Il résulte de l’instruction que Mme A…, qui a été titulaire, en dernier lieu d’un titre de séjour portant la mention « recherche d’emploi-création d’entreprise » valable du 1er mars 2024 au 28 février 2025, a déposé, le 26 février 2025, une demande de changement de statut et de délivrance d’un titre de séjour portant la mention « vie privée et familiale ». Dès lors que Mme A… n’a pas demandé de renouvellement de son titre de séjour, mais la délivrance d’un titre de séjour sur un nouveau fondement, l’urgence de sa situation n’est pas présumée. Si elle fait valoir que son contrat à durée déterminée a été interrompu le 28 février 2025 en raison de l’irrégularité de sa situation, elle n’apporte aucun élément de nature à établir que son contrat aurait été rompu pour ce motif ni même qu’il aurait été renouvelé si elle avait été en possession d’un document de séjour. Mme A…, qui ne présente pas de promesse d’embauche récente, n’établit pas davantage qu’elle aurait manqué des opportunités professionnelles depuis lors en raison de l’irrégularité de sa situation. Compte-tenu de ces circonstances, la requérante ne justifie pas de l’incidence grave et immédiate de la décision contestée sur sa situation. En outre, il résulte de l’instruction qu’elle a déposé sa demande de changement de statut tardivement, deux jours avant l’expiration de son titre de séjour, et peut dès lors, et en tout état de cause, être regardée comme s’étant mise elle-même dans la situation d’urgence qu’elle invoque. Par suite, la condition d’urgence au sens et pour l’application des dispositions de l’article L. 521-1 du code de justice administrative, qui doit s’apprécier objectivement et globalement, ne peut en l’espèce être considérée comme remplie.

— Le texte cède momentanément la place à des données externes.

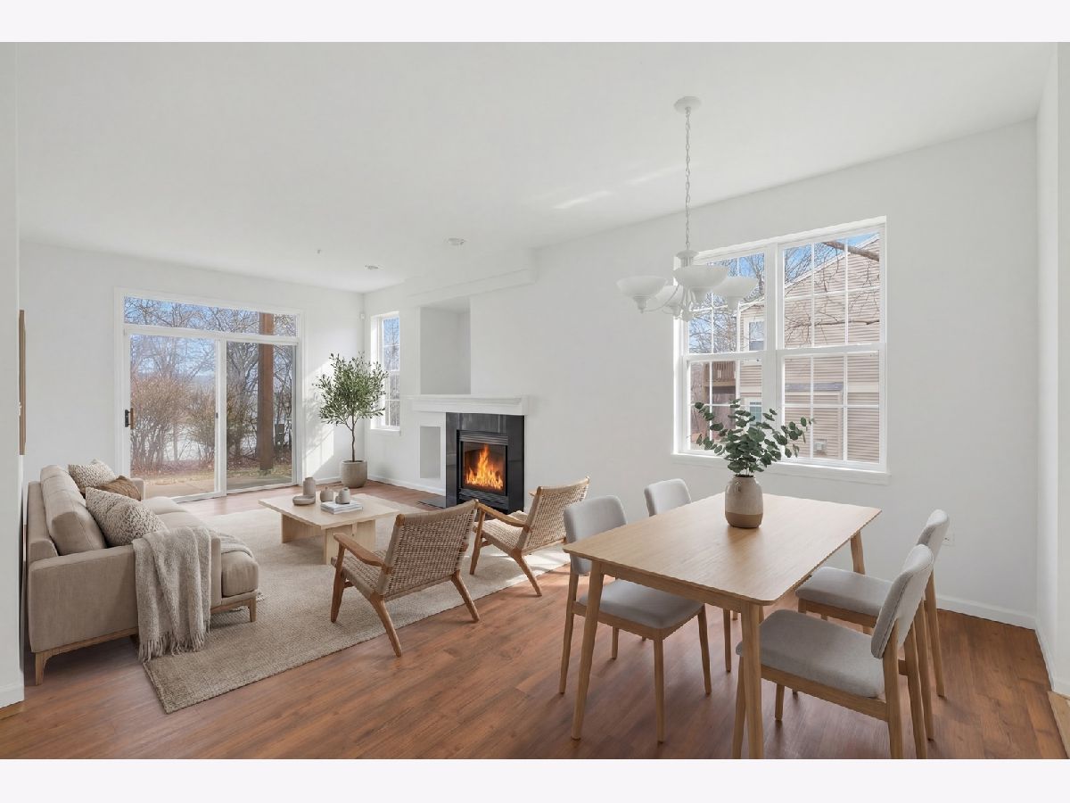 Rarely available first-floor corner unit townhouse, updated prior to listing with fresh paint throughout (walls, ceilings, doors, trim, and baseboards) and new carpet in both bedrooms. Featuring 2 bedrooms and 2 full bathrooms, this home offers an open-concept layout with large windows and a spacious living room with fireplace. Enjoy a private patio with peaceful, tree-lined views. Additional highlights include a separate laundry room and a one-car attached garage. Conveniently located near shopping, dining, and major routes. INVESTOR FRIENDLY - RENTALS ALLOWED, NO CAP

Il résulte de ce qui précède, sans qu’il soit besoin de se prononcer sur l’existence de moyens propres à créer, en l’état de l’instruction, un doute sérieux sur la légalité de la décision contestée, que la requête de Mme A… doit être rejetée en toutes ses conclusions.
ORDONNE :
La requête de Mme A… est rejetée.
La présente ordonnance sera notifiée à Mme B… A… et au ministre de l’intérieur.
Copie en sera adressée au préfet des Hauts-de-Seine.
Fait à Cergy, le 11 décembre 2025.
La juge des référés
Signé
L. Moinecourt
La République mande et ordonne au ministre de l’intérieur en ce qui le concerne ou à tous commissaires de justice à ce requis en ce qui concerne les voies de droit commun contre les parties privées, de pourvoir à l’exécution de la présente décision.